7 authors whose books will help you better understand the black experience

7 authors whose books will help you better understand the black experience

This is by no means a complete list of authors, but if your reading list is lacking diversity, it's a good place to start. While it's important to remember everyone has different experiences, and no single person can speak for an entire race, these are some particularly powerful voices worth discovering, if you haven't already…

Toni Morrison
Toni Morrison

Nobel Prize-winner Toni Morrison, who died in 2019, was, and still is, a towering literary presence, and many of her books deal devastatingly with the black American experience. Start with Morrison's most famous book, Beloved, which won a Pulitzer Prize and explores the horrors of slavery through the character of former slave, Sethe.
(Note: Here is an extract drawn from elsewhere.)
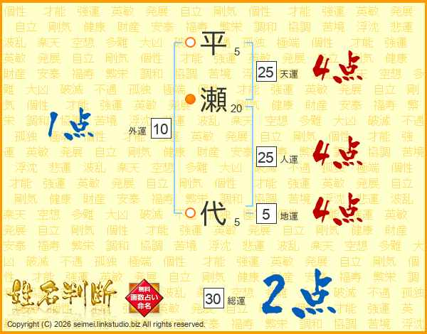 平瀬代さんの総運は30画の2点!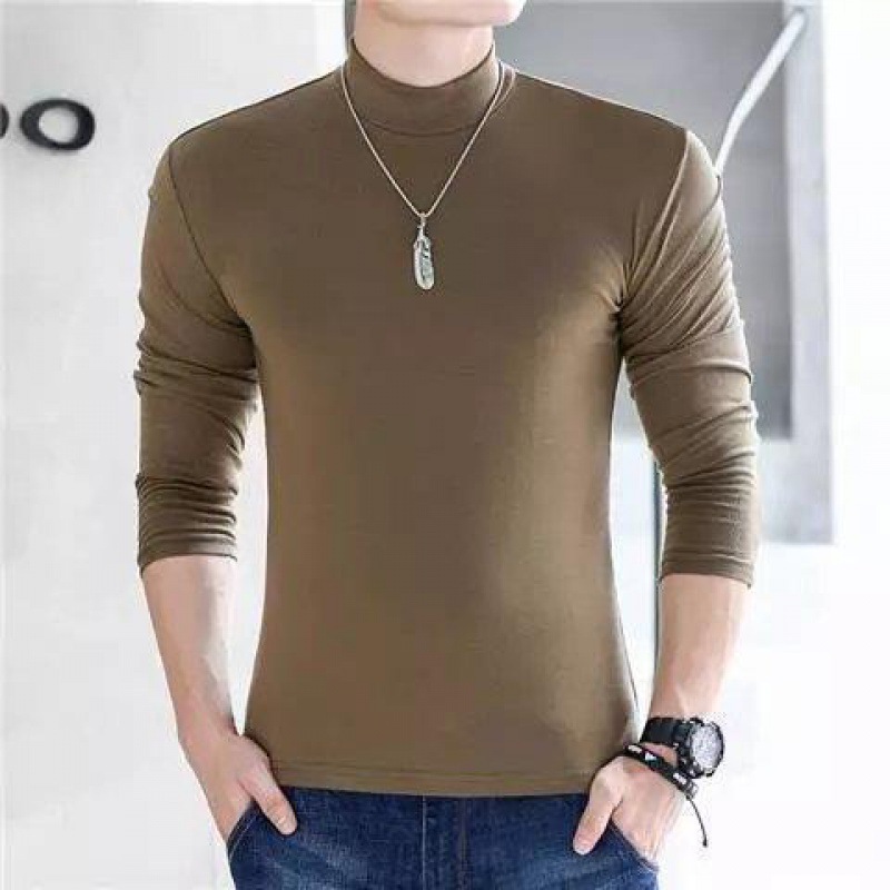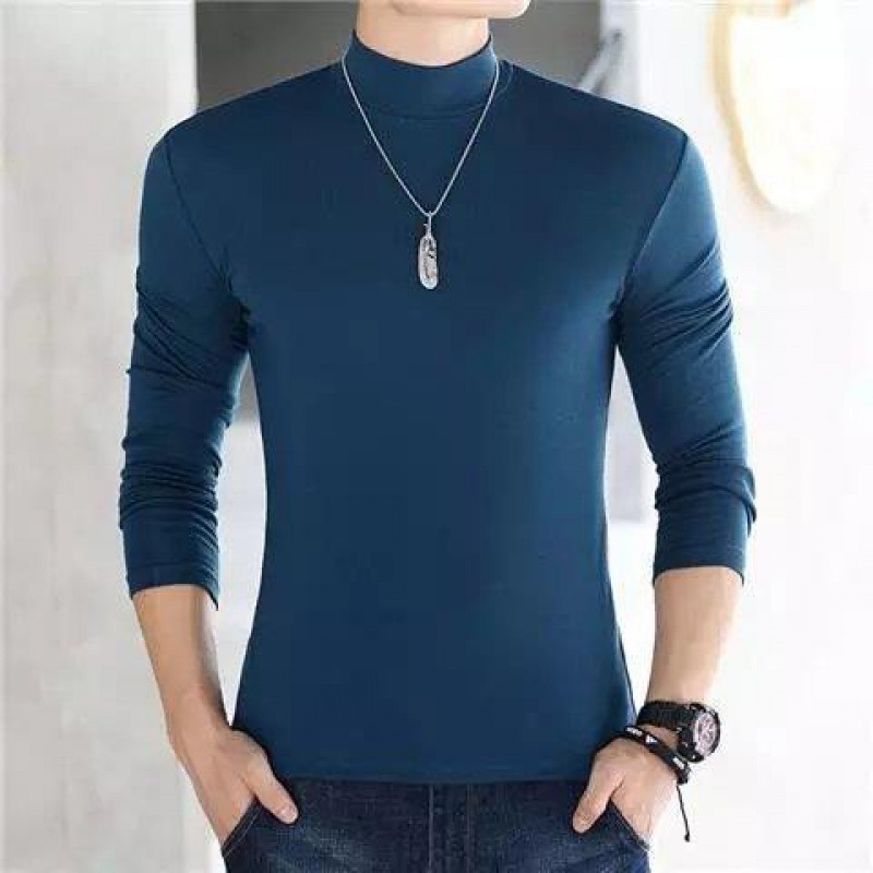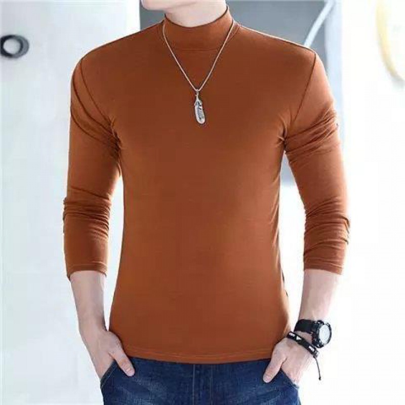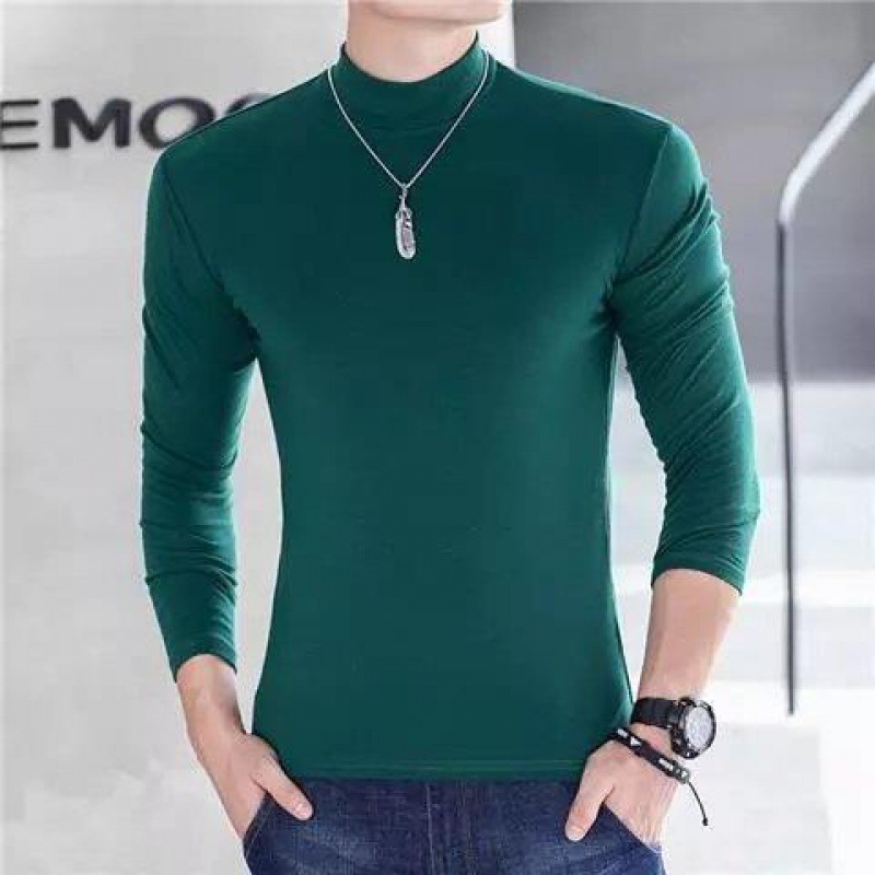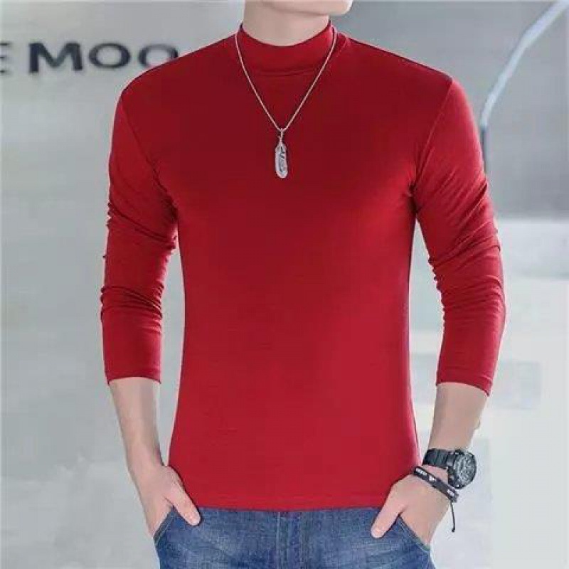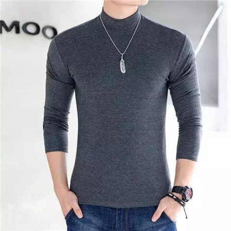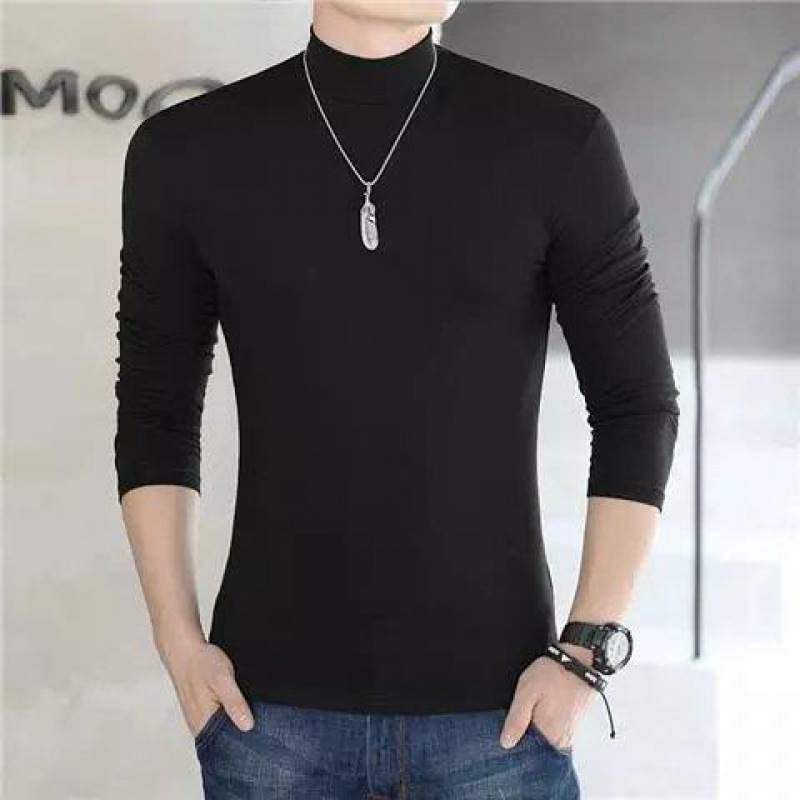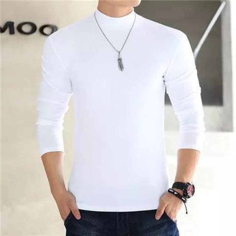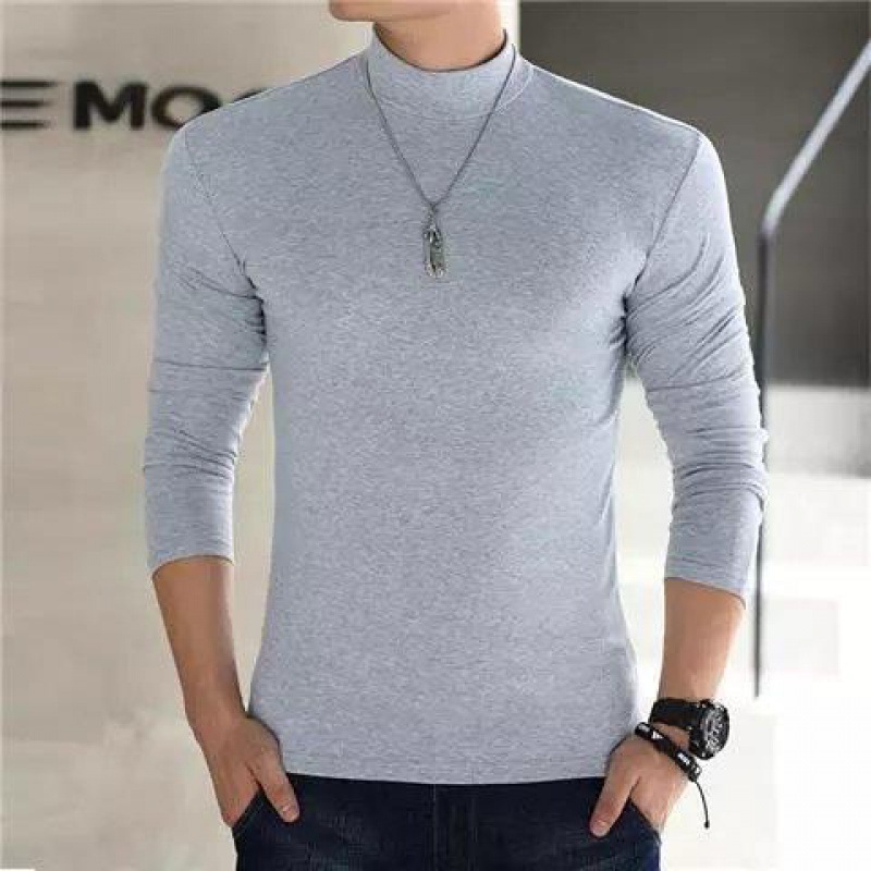 코튼 세미 하이 칼라 긴팔 티셔츠 청년과 중년 남성의 얇은 베이스 셔츠 남성용 티셔츠 단색 기본 플러스 사이즈 탑스토어 가기

Morrison's work particularly shines a light on the experiences of African American women. For example, her first novel The Bluest Eye looks at the impact of racism, misogyny, abuse and internalised racism through the eyes of children.

2. Zadie Smith

British author Zadie Smith is from London, and her novels reflect the myriad cultures she grew up around. Her debut, White Teeth, explores the intricacies of two intertwined families, one Bangladeshi, the other white-Jamaican, while On Beauty is a loose retelling of EM Forster's Howards End with British and African American characters, and NW follows four different individuals in north-west London.

Chimamanda Ngozi Adichie
Chimamanda Ngozi Adichie

Chimamanda Ngozi Adichie's writing is more of an insight into the African experience. Against the backdrop of the Nigerian Civil War, Half Of A Yellow Sun is a moving story of Odenigbo, a university professor and his family, including an English writer. Adichie also explores the wider black diaspora in her 2013 novel Americanah, where main character Ifemelu immigrates from Nigeria to study in America, while her love interest, Obinze, tries to move to Britain.

Adichie's Beyoncé-quoted essay We Should All Be Feminists is also hugely powerful.

4. James Baldwin

Novelist, playwright, poet and activist James Baldwin was one of America's most important voices in the civil rights and gay liberation movements – and although he died in 1987, his work is still massively relevant today. Take If Beale Street Could Talk, in which a black man is wrongly accused of rape. Baldwin often dealt with themes around black families, the injustices they face, and issues that were largely taboo, like extramarital affairs and bisexuality.

Malorie Blackman
Malorie Blackman

While many of the authors on this list have very realistic styles, Malorie Blackman often uses dystopian allegories to explore race. Her incredible YA series Noughts and Crosses (ideal for youngsters as well as adults) reimagines an alternate world where African people have colonised white Europeans, and maintain a segregated society.

6. Bernardine Evaristo

Despite having written a slew of novels previously, Bernardine Evaristo shot to fame in 2019 after becoming the first black woman to win the Booker Prize. Her winning novel though, Girl, Woman, Other, explores the black British experience through a series of separate but interlinked stories, from that of older black women through to younger non-binary characters.

7. Colson Whitehead

American writer Colson Whitehead has won the Pulitzer Prize for Fiction twice: first in 2017 for The Underground Railroad and again this year for The Nickel Boys. He often deals with dark episodes in history, including slavery and abuse in a reform school in 1960s Florida, but still injects humanity, and even hope, into these grim explorations.

Whether its speculative fiction or taking inspiration from real-life events, Whitehead's writing is totally captivating.